Кухарка, что принесла ему ужин споила Арольду две кружки воды и сама укрыла подсохшими за солнечный день одеялами и плащами, всё что-то сетовала и с жалостью заглядывала в лицо. Но Арольда бил озноб, и он просто лежал с закрытыми глазами. Кровь пульсировала в голове, в ушах, под нижней челюстью, в больном горле. Всю ночь его трясло в лихорадке, он что-то бредил и кашлял.
Утром его навестила сама дочь графа. Она трогала его лоб прохладной ладонью, задавала вопросы, сама споила кружку горячего вина с травами и лимоном, укутывала потеплее, подталкивая одеяла под плечи, и смотрела с такой болью и жалостью во взгляде, что Арольд в тот миг готов был простить ей даже родство с графом.
Несмотря на все уговоры, старый кастелян так и не переселил пленного графского сына в башню. Это удручало Эллию. Весь день она думала и думала об этом. Как же можно вот так обрекать на муки больного человека? Если есть возможность помочь ему, почему же никто не идёт ей навстречу?

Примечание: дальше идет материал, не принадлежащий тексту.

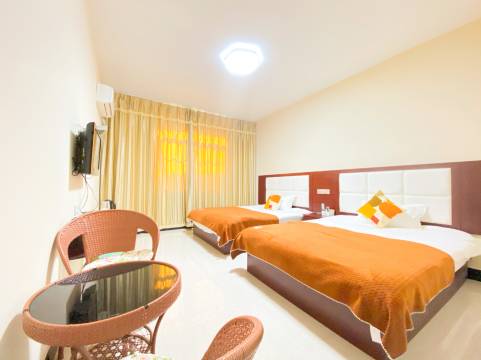 挺不错的一家民宿。有热水Wi-Fi空调,然后屋子里面的设施很齐全,最主要是门口有很多停车位,适合自驾旅游过来的,然后酒店正对面20米就有一个大金湖风景区,风景挺不错的,环境很好。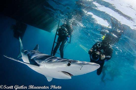 Our 11th shark dive destination is off the radar for many but host to some surprisingly good dives. Bluewater Photo runs annual blue and mako shark dives every spring. Some days may have one shark while others may have 10+, with close open water encounters. You never know what will show up, and on one day in 2013 a salmon shark cruised up to the boat, which is very rare. Check out some photos on the Bluewater Photo Facebook page.

Она приходила к нему, сидела рядом, поила какими-то отварами из трав, что готовила ей кухарка, и молилась. Когда он приходил в себя, Эллия расспрашивала его о самочувствии. Но он отвечал односложно или вообще отмалчивался, просто глядел в одну точку. А когда кухарка растирала ему грудь барсучьим жиром, он в тот миг бредил и звал маму. И это было так трогательно, так печально, что Эллия не смогла сдержать слёз.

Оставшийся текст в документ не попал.